Case in point: Beginning in late 2005 and continuing to the present, the firm’s GPS team worked with a long-time client that had used its accounting and tax services for the past 20 years. The family business needed succession planning, and the GPS team facilitated strategic planning sessions with each of the core areas to drive the plan into action. The key areas included marketing and sales, operations, and boutiques.

The client ended 2006 with a 22% and 27% year-over-year increase in revenue and profits, respectively. This also included a bonus pool distribution to the client’s employees. Through the GPS facilitation approach, the client engaged its management team to position the company for the next generation of owners.

The COO admitted there is a huge learning curve for its CPAs, since the core competencies that are required for GPS are not typical for the accounting profession. "However, there is a huge upside to establishing integrated relationships with clients that go beyond the typical client-accountant relationship."

Determining where to expand, whether into a niche market or by offering specialty services, is never easy. To tackle the challenge, the firm established a task force to review each request. "Treat it like a process and follow the process systematically," the COO said. "You need to review the niche or specialty service plan in terms of what is best for the firm in terms of its vision, mission, and capacity."
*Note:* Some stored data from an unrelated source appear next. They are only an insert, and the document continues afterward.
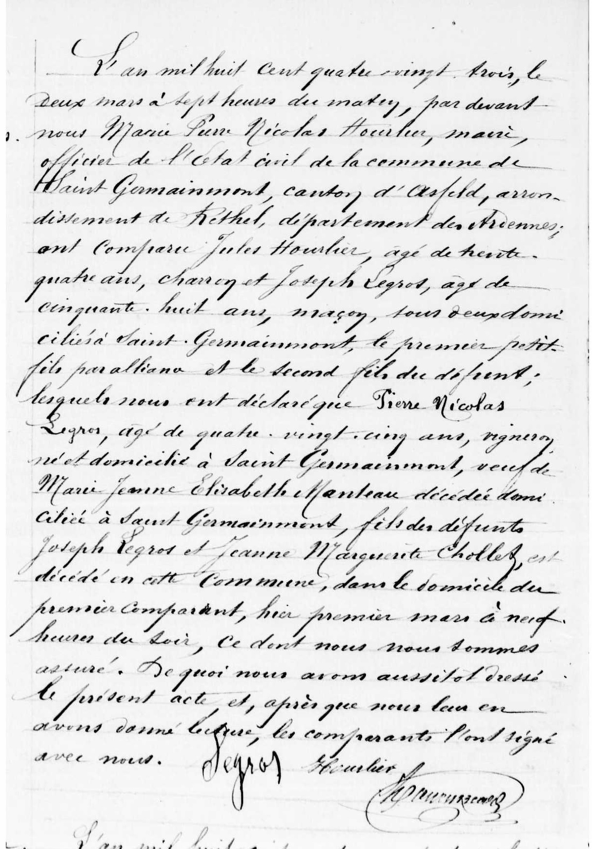 | Prénom | Pierre Nicolas | | Nom de famille | Legros | | Profession | Vigneron | | Naissance | 1799 | | l'an mil huit cent quatre vingt trois, le deux mars à sept heures du matin, par devant nous Marie Pierre Nicolas Hourlier, maire, officier de l'état civil de la commune de Saint-Germainmont, canton d'Asfeld, arrondissement de Rethel, département des Ardennes; ont comparu Jules Hourlier, âgé de trente quatre ans, charron et Joseph Legros, âgé de cinquante huit ans, maçon, tous deux domiciliés à Saint-Germaimont, le premier petit-fils par alliance et le second fils du défunt; lesquels nous ont déclaré que Pierre Nicolas Legros, âgé de quatre vingt cinq ans, vigneron, né et domicilié à Saint-Germainmont, veuf de Marie Jeanne Elisabeth Manteau décédée domiciliée à Saint-Germainmont, fils des défunts Joseph Legros et Jeanne Marguerite Chollet est décédé en cette commune, dans le domicile du premier comparant, hier premier mars à neuf heures du soir, ce dont nous nous sommes assuré. De quoi nous avons aussitôt dressé le présent acte et, après que nous leur en avons donné lecture, les comparants l'ont signé avec nous | Décès (plus...) | 1 mars 1883 à l'âge de 84 ans | Saint-Germainmont, Ardennes, FRANCE (, Saint-Germainmont, 08381, Ardennes, Grand-Est, France) | Témoins Décès | Témoin Joseph Legros (1825) Témoin Jules Hourlier (1849)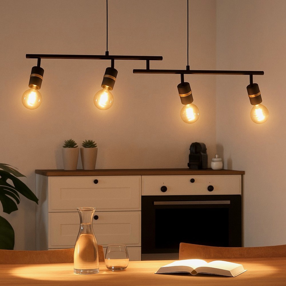 Lurone eglo plafoniera da cucina nera orientabile 4 luci
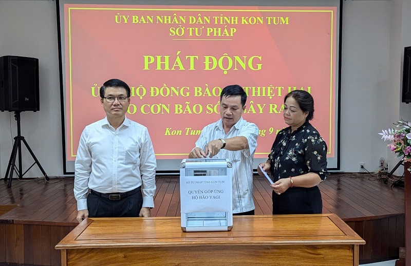 Hưởng ứng lời kêu gọi của Ủy ban Trung ương Mặt trận Tổ quốc Việt Nam, Thư kêu gọi của Tỉnh ủy, Hội đồng nhân dân, Ủy ban nhân dân tỉnh, Ủy ban Mặt trận Tổ quốc Việt Nam tỉnh, chiều ngày 13/9/2024, Sở Tư pháp tỉnh Kon Tum tổ chức phát động trong đội ngũ công chức, viên chức, người lao động thuộc Sở ủng hộ đồng bào các tỉnh, thành phố phía Bắc bị thiệt hại do cơn bão số 3 gây ra.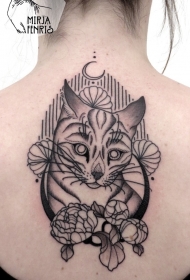 背部简单的黑色线条甜蜜猫咪纹身图案

Recruit and retain. Staff resources are a challenge for many firms, but there are steps that you can take. Aggressive recruiting and retention can help protect these valuable resources that your firm needs to grow, as one Utah CPA firm has learned.

With revenues in the range of $4 million to $6 million, the firm planned to put 2% to 5% of profits into new initiatives this year. The primary focus: to add a significant number of new staff to expand resources and capabilities. Currently, the firm maintains one office with 10 equity owners and 35 staff.

"While we need to take advantage of the demand to grow the firm, it could, admittedly, result in increased nonbillable percentages," a partner said. Nonetheless, the firm sees it as a sound and necessary investment and cites competing for talent as its No. 1 strategic issue. "The competition as we see it is not so much for the work as it is for staff," he explains.
And not surprisingly, the firm’s second most important strategic issue is a shortage of qualified staff. "We intend to cope with our staffing needs by increasing both recruitment and retention initiatives," the partner says.

First, the firm is expanding its recruitment efforts by involving more firm members and making recruitment a year-round initiative. Second, it is increasing the firm’s exposure at universities, as well as maintaining job postings at recruitment sites and on its own web site. Finally, the firm is offering referral bonuses to current staff.

To increase retention, the firm is raising staff compensation, changing its hierarchy structure to ensure more efficient use of its existing staff, and increasing training so that staff can move up or around the firm more quickly and efficiently.
New benefits being offered are:

  • signing bonuses;
  • mentor program;
  • flex-time;
  • part-time telecommute option;
  • career path planning; and
  • marketing and training.

These staff efforts should help the firm with planned growth that includes new practice areas and an emphasis on marketing to existing clients.

From the December 2007 issue of Accounting Office Management & Administration Report.